Twenty five years ago, one could not even imagine a computer at the desk of every scientist and company manager. Today, computers have become essential for storing, transmitting and managing information.
In the research and development industry computers are not only important for drug discovery, but also for the operation of laboratory equipments and analysis of experimental and clinical data.
Computers made their way into the pharmaceutical industry as early as the 1940s, however at that time they were used for accountancy and non scientific work.
As science advanced scientist began understanding the relation between the chemical structure of a molecule and its molecular properties including biological activity. This meant that if the molecular properties of any molecule could be calculated, the structure of that molecule could be predicted and then investigated in the laboratory.
Also at the same time concepts of how a drug exerts its biological activity through binding to some receptor in the body stemmed from Fischer’s lock and key hypothesis.

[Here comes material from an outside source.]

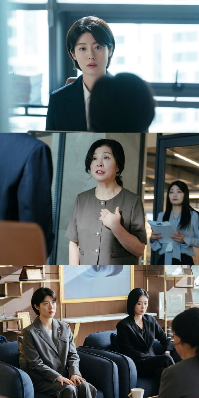 그런 가운데 공개된 사진에는 대정을 찾아온 의뢰인 이순례(차미경 분)와 상담을 진행하는 한유리의 모습이 담겨있다. 무슨 일인지 안절부절못하며 자리를 박차고 일어난 이순례. 흥분한 그의 모습에 놀란 한유리의 표정이 궁금증을 더한다. 이어 이순례의 남편 김영철(이한위 분)을 포함해 온 가족이 총출동한 현장도 눈길을 끈다. 무거운 공기가 흐르는 가족들 사이 당황한 기색이 역력한 차은경과 한유리의 모습도 호기심을 자극한다.

Quantum mechanics took a leap forward in explaining the movement of electrons in molecules and how electronic structure impacts biological activity.

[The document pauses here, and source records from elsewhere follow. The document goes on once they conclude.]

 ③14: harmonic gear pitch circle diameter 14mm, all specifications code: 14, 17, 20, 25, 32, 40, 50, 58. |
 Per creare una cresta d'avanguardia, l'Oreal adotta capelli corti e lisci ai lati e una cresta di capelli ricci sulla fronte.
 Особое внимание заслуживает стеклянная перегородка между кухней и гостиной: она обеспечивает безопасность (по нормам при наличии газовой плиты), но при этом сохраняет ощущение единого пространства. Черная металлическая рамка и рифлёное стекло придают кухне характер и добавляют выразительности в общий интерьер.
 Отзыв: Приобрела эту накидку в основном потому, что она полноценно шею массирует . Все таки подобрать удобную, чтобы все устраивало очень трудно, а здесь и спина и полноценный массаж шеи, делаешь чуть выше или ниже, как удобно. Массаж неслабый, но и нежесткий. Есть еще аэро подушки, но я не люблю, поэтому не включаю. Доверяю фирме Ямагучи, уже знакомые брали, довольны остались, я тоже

In the mid nineteenth century papers began to be published mathematically relating chemical structure to biological activity. These developments finally led to the introduction to QSAR (Quantitative Structure Activity Relationships) which basically assigned molecular descriptors in describing biological activity. These molecular descriptors are nothing but a calculated or experimental numerical value that describes the chemical structure of that molecule. QSAR were the result of the engineering development of computers and their use. Thus the computer, which was initially designed to be used in the military and for accounting applications, gradually became a tool for scientific innovation.

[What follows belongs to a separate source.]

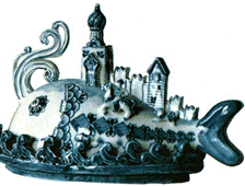 А вот как изобразила кита, который помог Ивану найти кольцо Царь-девйцы, художница из Гжели Л.Азарова. На хвосте сыр-бор шумит, На спине село стоит; Мужики на губе пашут, Между глаз мальчишки пляшут, А в дубраве меж усов Ищут девушки грибов.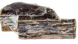 Formado de potasio, aluminio, hierro y magnesio, con un poderoso resplandor. Su color oscila entre verde oscuro, plomizo y negro, si bien en ocasiones, puede presentarse en un tono amarillo opaco.

Today computational biology stands at the forefront of innovation and has reduced the time for finding potential candidates by matching molecular structure databases against target molecules and finding an appropriate match thus generating a lead compound. With the advancement in computer technology and faster and more efficient supercomputers like the “Blue Gene” and “Red Storm” being made, the task is only made simpler.
In the early 1960s drug discovery was by trial and error. At that time there were two main sources of therapeutic compounds. The smaller pipeline was natural products such as plants with medicinal properties and soil microbes. The major source was classical medicinal chemistry. The chemists at that time manually read literature of products patented by competitors and used their creativity and expertise to synthesize therapeutically active compounds. These compounds would then be tested by in house microbiologists and biochemists. The compounds were not only tested against its target but also screened for bioactivity against other targets for which research was being conducted at that time. The most potent compound discovered led to a series of other structures which were tested hence leading to the creation of a table comparing the potency and activity, which finally led to one compound that could be effectively called the drug and after development called a pharmaceutical product. However these methods involved time and cost and were inaccurate.
Companies such as Abbott, Schering-Plough, Upjohn and Dow Chemicals took the initiative to explore using computers for drug discovery. These initiatives involved either adding resources with computer proficiency or training in-house scientists on the new methodology. One of the first break-through in computational drug discovery was at Lilly which revealed the relationship between the calculated electronic structure of beta-lactam ring of cephalosporins and antibacterial activity. Even though some of the companies initiated these efforts, some of these companies lost out as they quit these efforts due to lack of management support. It was Lilly, whose persistence paid of as it established its base in such expertise.
The companies at that time invested in hardware and software from the money they gained from the sale of their products. Widely used models at that time included the IBM360 and the 370 series and input methods slowly advanced from punch cards to dumb terminals (terminals or PCs that had no local processing capability). Software was still written in FORTRAN, followed by the well known MMPI program used for molecular mechanics. Since molecular mechanics seems to predict the organic chemical structures more accurately than quantum mechanics (with bond lengths predicted correctly up to 0.01À), this program was an important development.
With these developments the pharmaceutical industry began transitioning to using molecular mechanics, QSAR and statistics rather then restricting to quantum mechanics.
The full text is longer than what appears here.